MELBOURNE RENTS HOLD STEADY IN DECEMBER QUARTER 2019

MELBOURNE RENTS HOLD STEADY IN DECEMBER QUARTER 2019

Tenants are in a good position in Melbourne’s current rental market as house and apartment rents hold steady in the final quarter of 2019, new Domain data shows.

For houses, asking rents stayed steady at $430 per week, with apartments also keeping steady at $420 per week.

Moreover, house rents have fallen by $10 a week or 2.3 per cent over the past year.

The reason for the decline of the overall rental median in Melbourne was the large number of transactions at the cheaper end of the market.

Experts also say that the boom of new apartment and home builds in recent years has helped to keep rents in the city even or fall in some suburbs.

Melbourne’s rental market has become “more favorable for tenants” according to Domain economist Trent Wiltshire.

Mr Wiltshire added that Melbourne’s vacancy rate was sitting slightly higher at 2.4 per cent in December compared to 2.2 per cent in December 2018. This has eased pressure on rents as a result.

“The construction boom that has gone on has helped keep rents pretty steady and given renters more options,” Mr Wiltshire said. “Even though it’s coming to an end there’s still lots of apartments hitting the market.”

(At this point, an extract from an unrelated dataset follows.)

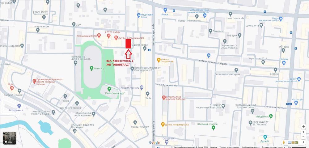 2. Стадіон "Авангард" - 1 хвилина;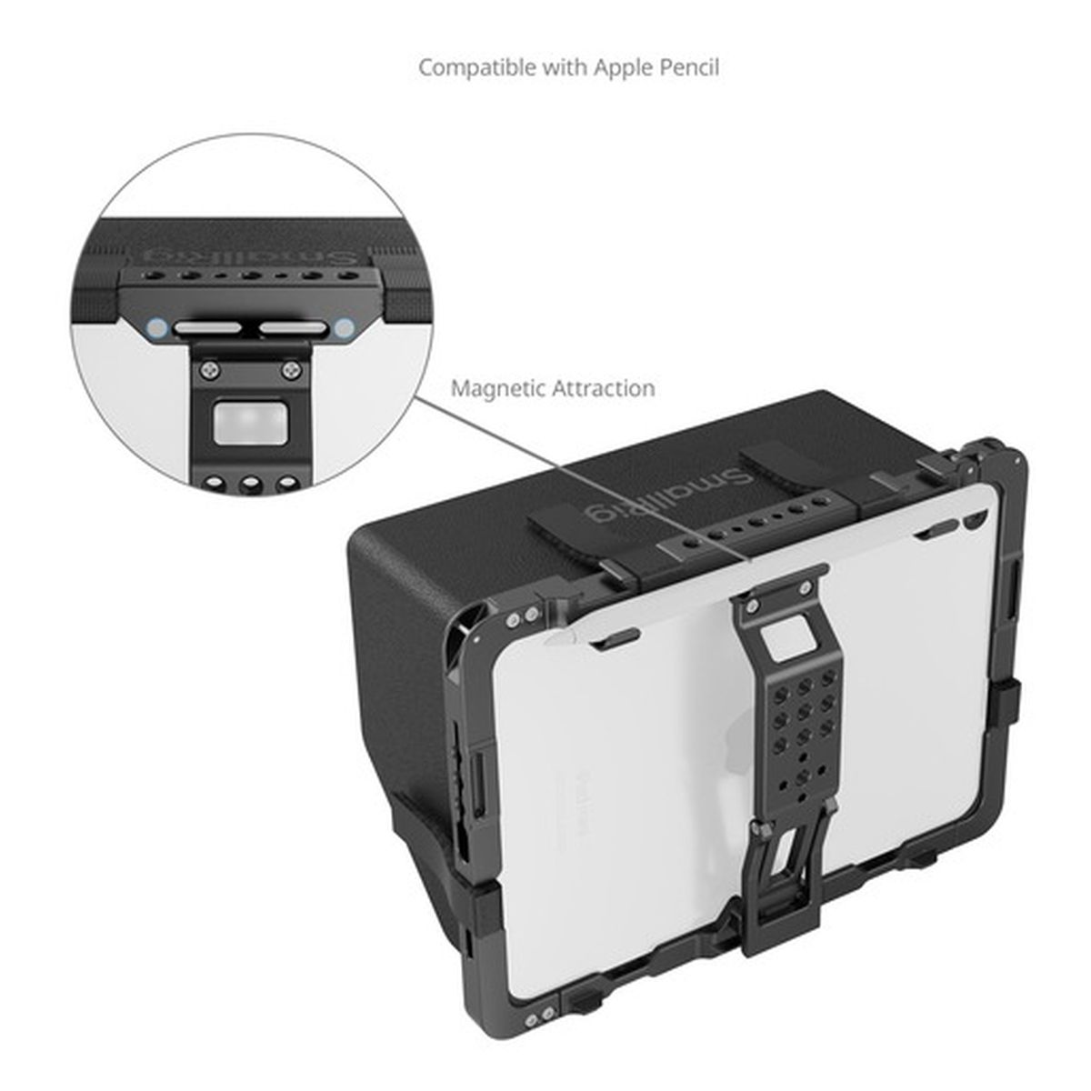 Der SmallRig 5058 Cage für iPad mini 6 und A17 Pro ist ein speziell entwickelter Tablet-Käfig, der eine stabile, schützende und vielseitige Grundlage für professionelle Anwendungen bietet. Mit präziser Passform, integrierten Gummipads und zahlreichen Befestigungspunkten ermöglicht dieser Cage die flexible Montage von Zubehör wie externen Akkus, SSDs oder Griffen. Die abnehmbare Sonnenblende, der verstellbare Ständer und die magnetische Pencil-Halterung erweitern die Funktionalität und machen das System zu einem vielseitigen Werkzeug für Monitor- und Rig-Setups.

It was a stark contrast in 2019 when apartment rents increased by 2.4 per cent year-on-year, peaking in June and remaining like that for several months.

Tenants can also avail of the house rents in Melbourne’s southeast region, wherein rents have remained flat at $400 per week.

Similarly, rents in the westerb region, which spans from Werribee to Bacchus Marsh, didn’t rise or fall, remaining at $390 a week.

According to Hodges Werribee director and property manager Melanie Simmonds, a booming housing industry in the outer west had pushed landlords to drop rents to entice good tenants.

Some houses were sitting on the market for a little longer than normal with renters spoilt for choice.

“It is flooded for new houses,” Ms Simmonds said. “It can be easier to rent older homes which have an outdoor area and a bigger backyard.”

On the other hand, the outer east, which reaches from Vermont South to Healesville, recorded the biggest jump in house rents, up by 3.5 per cent to $445 per week over 2019.

Unit rents there were also up across the year – by 2.7 per cent – to $380 per week.